Four years ago, the race never seemed to stray too far from Baltimore. Both campaigns set up headquarters in that region. The only two debates of the contest were held there. And it's where most of the negative TV ads ran. Ehrlich, a former Baltimore area congressman who was then the incumbent, pummeled O'Malley about his tenure as the city's mayor.

This year, Ehrlich will enter the race with hopes of improving dramatically on his dismal 2006 showing in voter-rich and heavily Democratic Montgomery and Prince George's counties, which together are home to nearly one in three Maryland voters.

The 110,000 independent voters in Montgomery -- nearly a quarter of all of the state's independents -- are attractive targets at a time when Republicans have appealed to similar blocs to win races in Massachusetts and other blue states. Ehrlich advisers say they think he can also pick up significantly more votes than in 2006 among Montgomery's white men, his strongest demographic statewide four years ago.

Ehrlich plans to aggressively appeal to the small-business community, including Montgomery's high-tech sector, which he says has been stifled by tax increases and other initiatives backed by O'Malley and the Democratic-dominated legislature.

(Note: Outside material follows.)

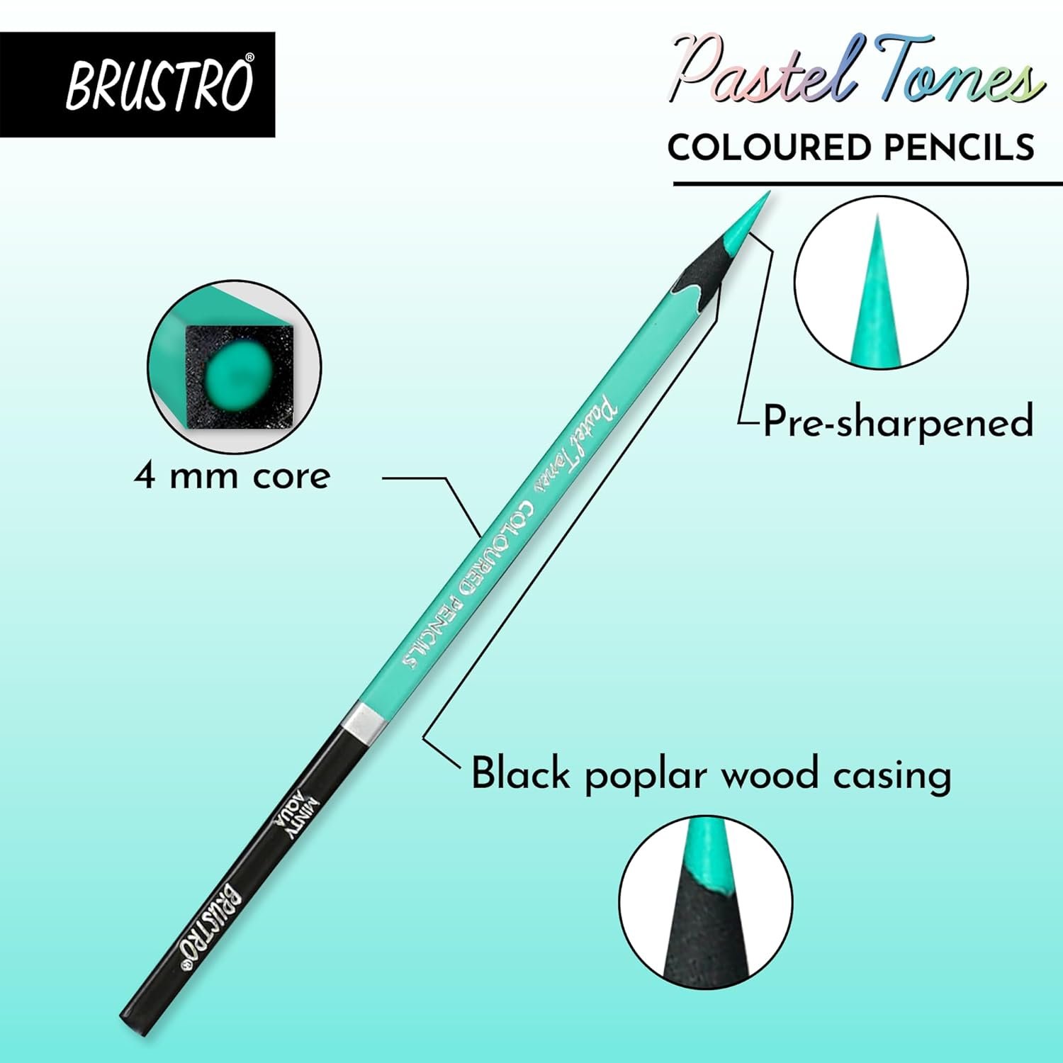 - Brustro Set of 36 Pastel Tone Colour Pencils is a sophisticated collection of muted tones colour pencils, housed in a premium tin box packaging that adds a touch of elegance. These exquisite colour pencils are encased in a special black poplar wood, elevating the aesthetic appeal and ensuring durability.

O'Malley's biggest challenge might be to replicate his success in Prince George's, where voters angry at President George W. Bush turned out in droves in 2006, delivering nearly 79 percent of the county's total votes.

Democratic registration in the county has risen, but it remains to be seen whether O'Malley can generate the same excitement this year. A hotly contested race for the Prince George's executive will essentially have been resolved by September's Democratic primary, and some leaders in the majority African American county have been slow to rally behind O'Malley.

O'Malley aides say his campaign is preparing to aggressively promote Maryland's new early-voting law, which provides a six-day window to cast ballots before Election Day, in an effort to bolster Democratic turnout.

That is just one way that aides say they hope to capitalize on multimillion-dollar war chests built by O'Malley and the state Democratic Party in the past four years, a period in which Ehrlich has been idle and the Maryland GOP has struggled to stay afloat financially. O'Malley aides also hint that President Obama could make multiple appearances with the governor during his campaign.

"We will spend a lot of time there," Ehrlich said of the Washington area, where he said he plans to emphasize traffic, jobs and economic development. "You don't have to be a political scientist to figure out that Montgomery and Prince George's and Howard are vote-rich and that voters there are very sophisticated."

At a recent gathering of Montgomery Republicans, a top Ehrlich adviser told the group that Ehrlich considers the county a linchpin in his campaign. There is wide speculation that he could pick a running mate from Montgomery.